LGiU’s chief operating officer Andy Johnston shares key points from his presentation on the investment of local government pension funds at a Smith Institute fringe event at the SNP’s 2016 conference.
Following on from Janet Sillett’s blog on the SNP conference I’d like to report back on a fringe at the SNP conference. The Smith Institute fringe looked at a way of releasing resources for councils to use on infrastructure projects.
The fringe looked at the use of local authority pension funds and I was speaking about how the 30 billion pounds sitting in the 11 Scottish schemes could be used to make devolution a reality in Scotland.
For those unaware there has been a lot of interest in these funds recently but not that many successful projects. It feels as though that is going to change because the shackles are off and the funds are now able to pool their investments and their governance. These freedoms have been available to public sector pension funds in Canada and Australia for many years. The Ontario Teachers Pension is one of the largest institutional investors in the world and owns for example, Brussels Airport and High Speed 1.

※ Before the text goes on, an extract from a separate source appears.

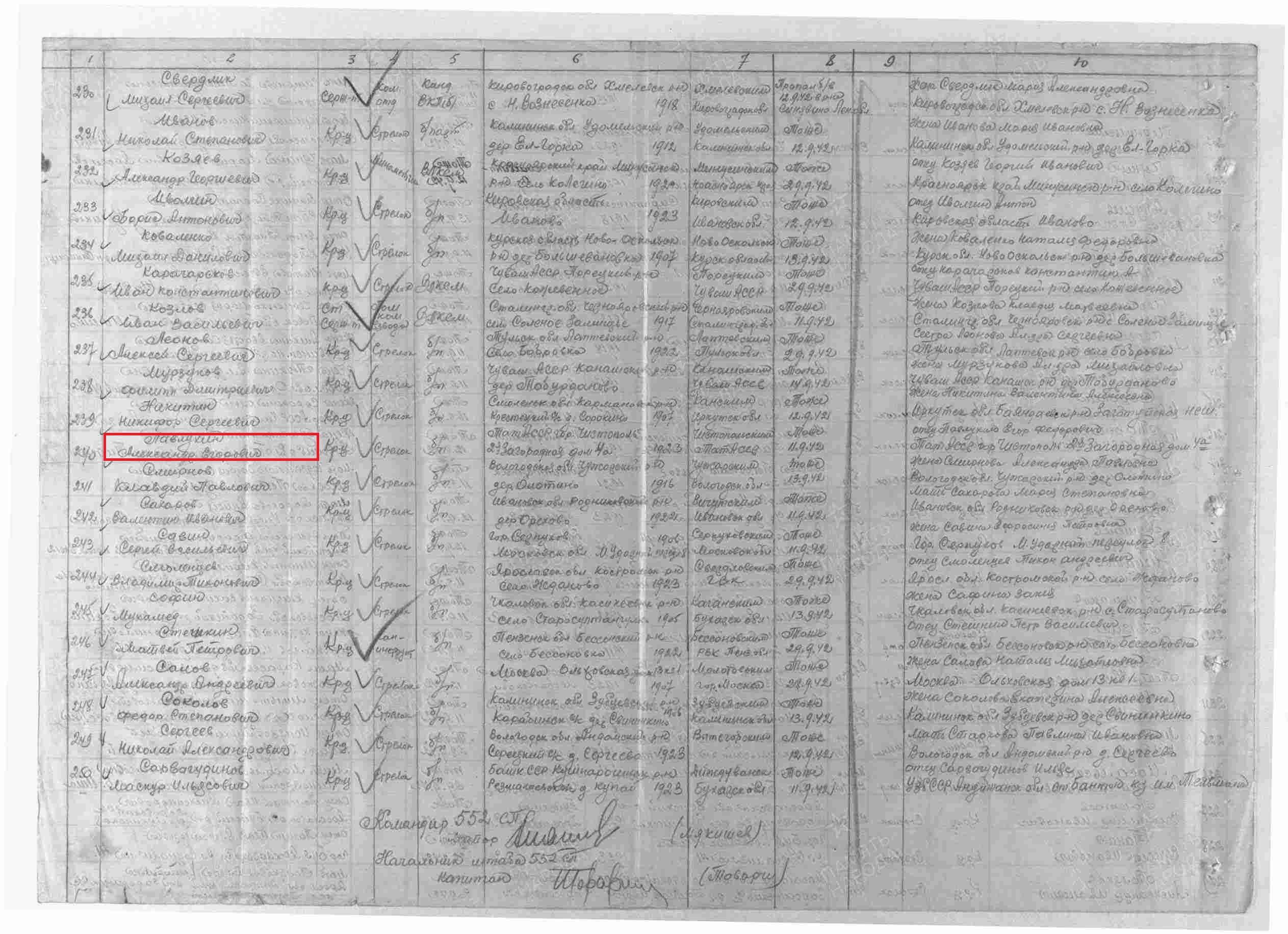 ПАВЛЮХИН АЛЕКСАНДР ЕГОРОВИЧ родился в 1923 году в с.Слобода Черемуховая Чистопольского кантона ТАССР. (ныне с.Слобода Черемуховая Новошешминского района РТ). Мобилизован Чистопольским РВК,мл.л-т 343 пхп.,552 сп,191 сд. Пропал без вести 02.09.42.г. Область выбытия: Ленинградская обл., Кировский р-н,п.Синявино.

Now we are seeing pension funds down south beginning to pool and forge links in Scotland. In the jargon this pooling is referred to as a Collective Investment Vehicle or CIV. The London CIV is worth £2.4bn and the Manchester scheme is in talks with the Strathclyde Fund to form a very big CIV.
This sort of money can make a difference but it’s surprisingly difficult to spend. It must always be remembered that the investments come from money contributed by local government employees and they need the returns to pay for their pension. So, investors must be careful and this is where the problems surface. Pension fund managers don’t understand infrastructure projects and infrastructure projects don’t put their finance together in a way that makes it easy for pension funds to invest. Then there’s the human level, it’s no accident that financial centres form close aggregations, people need to meet and build trusting relationships, this takes time.
The City Deal and Growth Deal process is also relatively new but nearly all of the deals include big infrastructure projects such as Aberdeen Harbour. Infrastructure is intertwined with devolution because it’s about local priorities and satisfying local needs. Councils need the infrastructure as a base to build local economic development and tackle inequality.
It seems a small step to argue that local pension funds should be used. For example; it would be a source of pride for local authority workers to know that their pension savings paid for the roll out of Broadband where they live. As Paul Hackett, Director at the Smith Institute says “Scottish local authority pension funds are leading the way in redirecting more of their investments into local housing and infrastructure. Capturing local investment for local growth is key to Scotland’s future prosperity”
The direction of travel does seem clear. Falkirk Council have been a trailblazer using their pension fund to support a housing scheme. There will be more and bigger.